The tetrahedral sheet is formed by coordinating four Os to Si to form a tetrahedron of SiO ₄ , and the tetrahedrons share the three Os to form a hexagonal network. Si may also replace Al to form AlO ₄ tetrahedrons. In addition, iron (Fe) and the like may also form tetrahedrons.
In contrast, octahedral sheets are formed by coordinating six hydroxyl groups (OH) or O to Al, and may be formed by magnesium (Mg) and/or Fe instead of Al.

Layered clay minerals are formed by such sheets and/or by stacking and bonding these sheets.
Clay crystals formed by laminating tetrahedral sheets and octahedral sheets in a ratio of 1:1 are generally called kaolin minerals, and examples thereof include kaolinite and halloysite.

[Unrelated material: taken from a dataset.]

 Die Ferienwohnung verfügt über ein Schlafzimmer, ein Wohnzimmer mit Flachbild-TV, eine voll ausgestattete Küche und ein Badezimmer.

Clay crystals formed by combining tetrahedral sheets and octahedral sheets at a ratio of 2:1 (that is, tetrahedral sheet - octahedral sheet - tetrahedral sheet) are pyrophyllite, talc, smectite ( smectite clay minerals), vermiculite, and mica.
Among them, a smectite-based clay mineral is preferable as the layered clay mineral in that a laminate having the effect of the present invention can be obtained.

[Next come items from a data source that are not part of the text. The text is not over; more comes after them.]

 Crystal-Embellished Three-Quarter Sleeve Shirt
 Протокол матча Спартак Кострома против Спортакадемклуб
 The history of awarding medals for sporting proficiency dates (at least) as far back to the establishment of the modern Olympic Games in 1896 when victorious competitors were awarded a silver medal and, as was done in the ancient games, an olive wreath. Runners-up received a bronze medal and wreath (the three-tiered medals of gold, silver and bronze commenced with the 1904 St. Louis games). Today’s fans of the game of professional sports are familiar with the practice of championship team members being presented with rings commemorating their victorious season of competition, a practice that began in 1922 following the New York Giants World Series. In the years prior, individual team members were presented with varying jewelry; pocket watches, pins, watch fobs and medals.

The smectite-based clay mineral is not particularly limited, and may be natural or synthetic, and includes montmorillonite, saponite, hectorite, stevensite, laponite, and the like.
Among smectite clay minerals, clay minerals other than montmorillonite, which are generally considered to contain a certain amount of iron atoms, are preferred as layered clay minerals in that a composite having the more excellent effects of the present invention can be obtained. More preferred, trioctahedral clay minerals are even more preferred.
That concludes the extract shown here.